YOUR GOAL:
Each record needs to be transcribed word for word, though without its pictures.

SUPPLIED DATA:
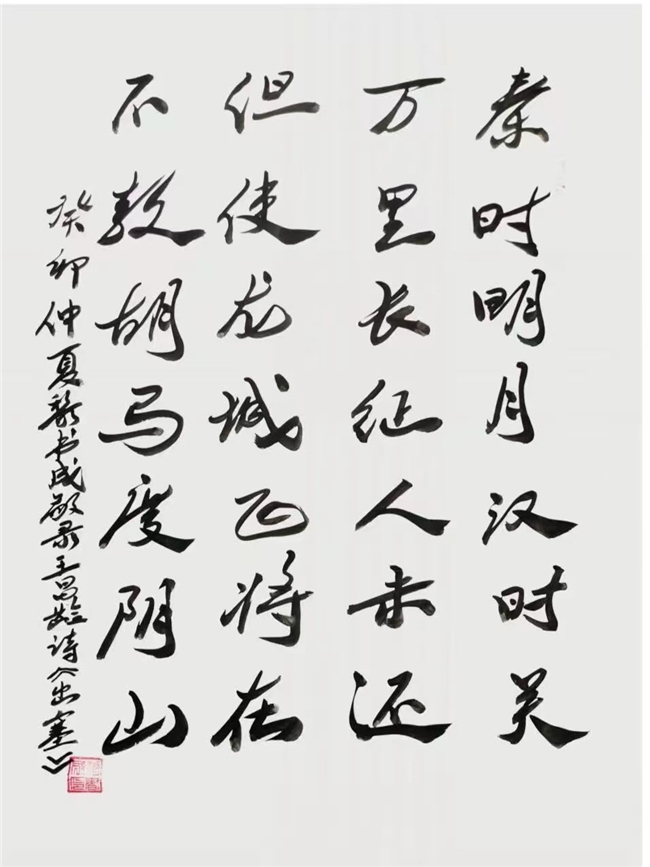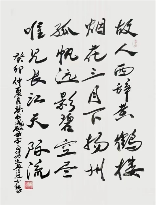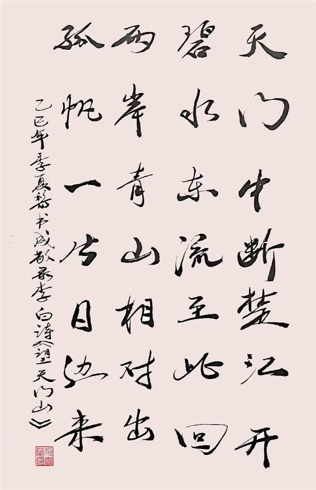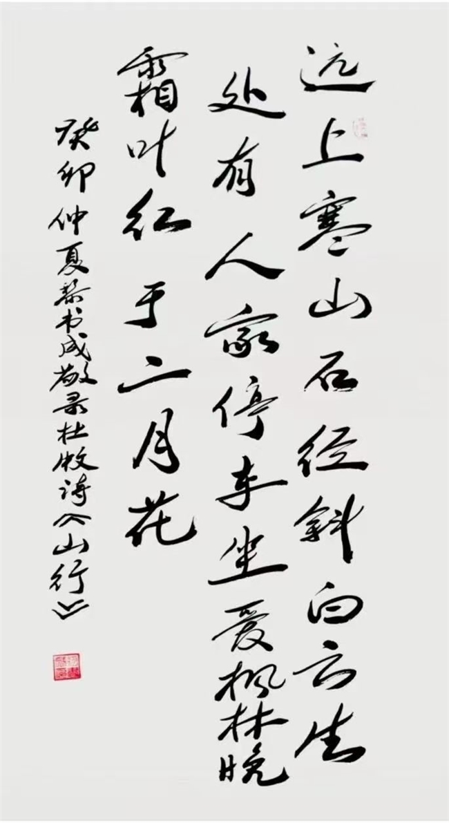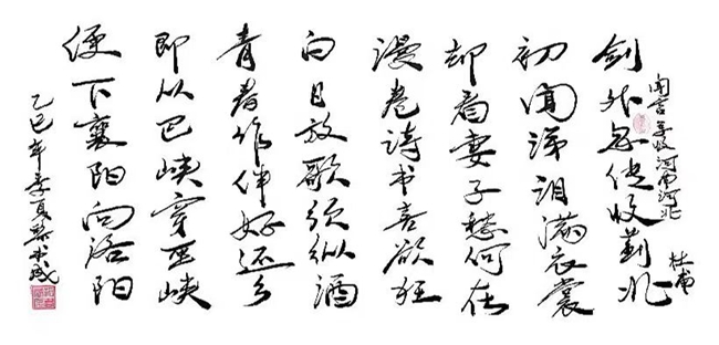 行书作品以古典诗词为题,如此书写间自是有其豪迈性情为动力,用笔慷锵有力,恰是力透纸背,笔墨张弛中更是 极具节奏质感,诗文情绪高涨时,笔墨则为之激情扬溢,诗文抒情高雅时,笔墨则亦是为之流畅凝练,臂如在黎书成先生的一幅《望庐山瀑布》书法作品中,行书用笔即是圆转自 如,墨迹行至忽重忽轻,以至所到之处别具一格,浓时好似屋漏痕,淡时好似锥画沙,字字笔线,由此皆是能在一点之内殊衄挫于豪芒,一画之间变起伏于锋杪!撼人心神,荡气回肠!逸笔作书于奇绝,翰墨超群自非凡。
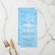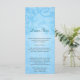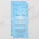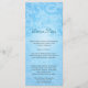 Floral scrollwork makes a unique look for this lovely blue wedding menu card. The image is repeated on the bottom as a watermark to offset the customised wedding menu text. The entire image is repeated on the reverse in an opposite manner and text can be added or removed above it. An elegant and classic look for a special day. Available in alternate colours with matching products.
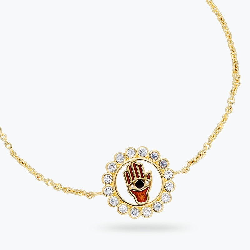 Introducing the exquisite Hamsa Fine Bracelet from Les Nereides' Art of Divination collection. The round shape on a pristine white background, adorned with a beaded contour, exudes the opulence of the great Houses where attention to detail is paramount. The Hamsa, turned upwards, symbolizes protection and benevolence. Paired with the matching earrings, this jewelry set is a testament to elegance and refinement. Crafted from gold-plated brass, hand-enamelled, and embellished with faceted crystals, this thin bracelet is a true work of art. With a length of 15.5cm and an extension of 4cm, it is designed to fit most wrist sizes. Weighing only 4.4g, it is lightweight and comfortable to wear. Add a touch of luxury to your outfit with the Hamsa Fine Bracelet.
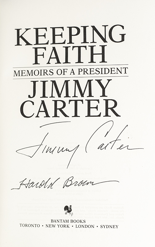 First edition of the 39th President of the United States' memoirs. Octavo, original cloth, illustrated. Signed by Jimmy Carter and Secretary of Defense Harold Brown on the title page. Brown was the U.S. Secretary of Defense from 1977 to 1981 in the cabinet Jimmy Carter. He had previously served in the John F. Kennedy and Lyndon Johnson administrations as Director of Defense Research and Engineering and Secretary of the Air Force. In the last stages of the Cold War, as Secretary of Defense, he set the groundwork for the Camp David accords. Near fine in a very good dust jacket. Rare and desirable signed by Carter and Brown.
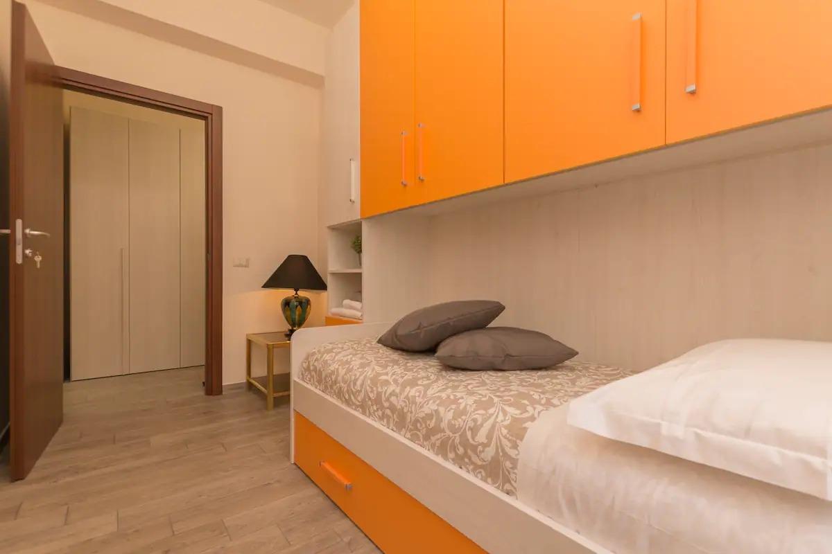 L’appartamento, di 65 mq, è situato al piano terra e garantisce tranquillità grazie alla sua recente ristrutturazione. Dispone di due camere da letto doppie, un soggiorno con divano letto, una cucina completamente attrezzata, un bagno con doccia e una spaziosa terrazza privata arredata con ombrellone e poltrone, ideale per rilassarsi all’aperto.
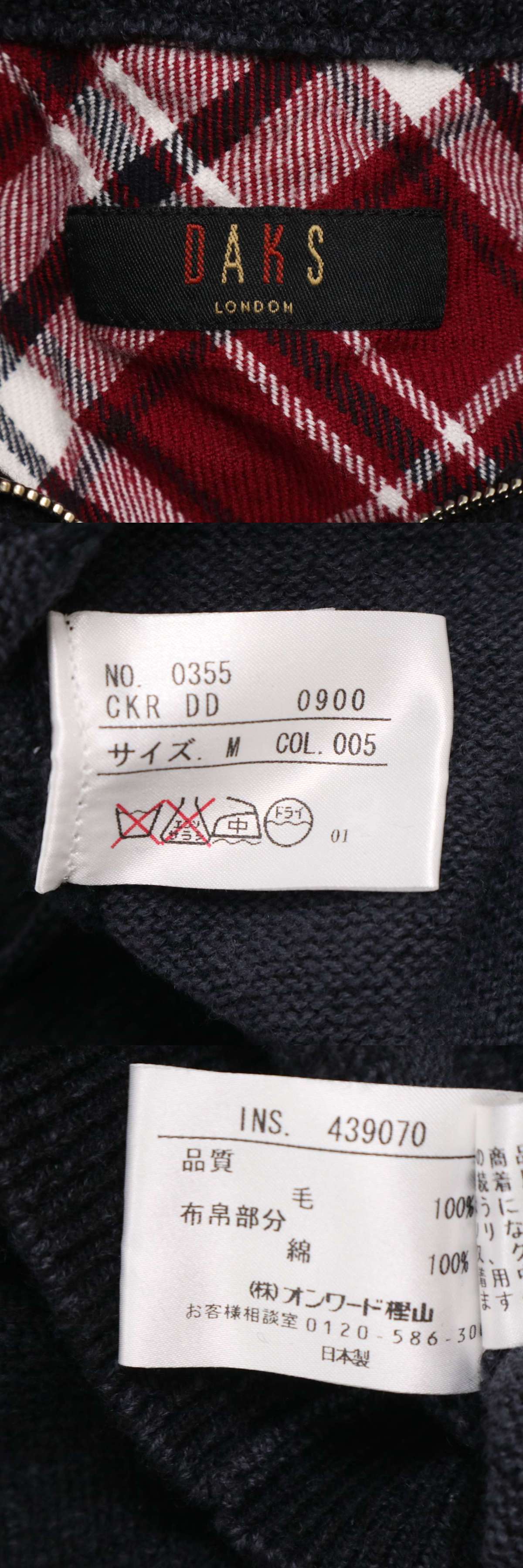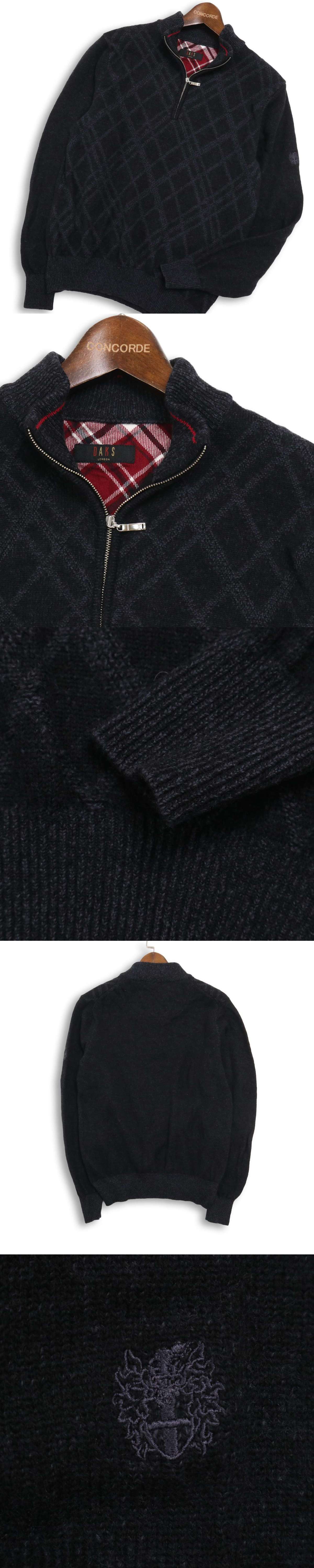 DAKS ダックス ロゴ刺繍★ ウール100% チェック ハーフジップ ニット プルオーバー セーター Sz.M メンズ グレー 日本製
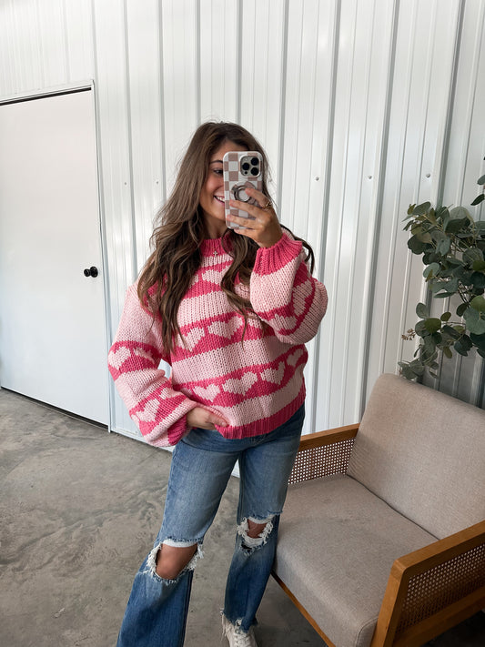 Heart Print Stripped Sweater

PROBLEM SOLUTION:
 行书作品以古典诗词为题,如此书写间自是有其豪迈性情为动力,用笔慷锵有力,恰是力透纸背,笔墨张弛中更是 极具节奏质感,诗文情绪高涨时,笔墨则为之激情扬溢,诗文抒情高雅时,笔墨则亦是为之流畅凝练,臂如在黎书成先生的一幅《望庐山瀑布》书法作品中,行书用笔即是圆转自 如,墨迹行至忽重忽轻,以至所到之处别具一格,浓时好似屋漏痕,淡时好似锥画沙,字字笔线,由此皆是能在一点之内殊衄挫于豪芒,一画之间变起伏于锋杪!撼人心神,荡气回肠!逸笔作书于奇绝,翰墨超群自非凡。
 Floral scrollwork makes a unique look for this lovely blue wedding menu card. The image is repeated on the bottom as a watermark to offset the customised wedding menu text. The entire image is repeated on the reverse in an opposite manner and text can be added or removed above it. An elegant and classic look for a special day. Available in alternate colours with matching products.
 Introducing the exquisite Hamsa Fine Bracelet from Les Nereides' Art of Divination collection. The round shape on a pristine white background, adorned with a beaded contour, exudes the opulence of the great Houses where attention to detail is paramount. The Hamsa, turned upwards, symbolizes protection and benevolence. Paired with the matching earrings, this jewelry set is a testament to elegance and refinement. Crafted from gold-plated brass, hand-enamelled, and embellished with faceted crystals, this thin bracelet is a true work of art. With a length of 15.5cm and an extension of 4cm, it is designed to fit most wrist sizes. Weighing only 4.4g, it is lightweight and comfortable to wear. Add a touch of luxury to your outfit with the Hamsa Fine Bracelet.
 First edition of the 39th President of the United States' memoirs. Octavo, original cloth, illustrated. Signed by Jimmy Carter and Secretary of Defense Harold Brown on the title page. Brown was the U.S. Secretary of Defense from 1977 to 1981 in the cabinet Jimmy Carter. He had previously served in the John F. Kennedy and Lyndon Johnson administrations as Director of Defense Research and Engineering and Secretary of the Air Force. In the last stages of the Cold War, as Secretary of Defense, he set the groundwork for the Camp David accords. Near fine in a very good dust jacket. Rare and desirable signed by Carter and Brown.
 L’appartamento, di 65 mq, è situato al piano terra e garantisce tranquillità grazie alla sua recente ristrutturazione. Dispone di due camere da letto doppie, un soggiorno con divano letto, una cucina completamente attrezzata, un bagno con doccia e una spaziosa terrazza privata arredata con ombrellone e poltrone, ideale per rilassarsi all’aperto.
 DAKS ダックス ロゴ刺繍★ ウール100% チェック ハーフジップ ニット プルオーバー セーター Sz.M メンズ グレー 日本製
 Heart Print Stripped Sweater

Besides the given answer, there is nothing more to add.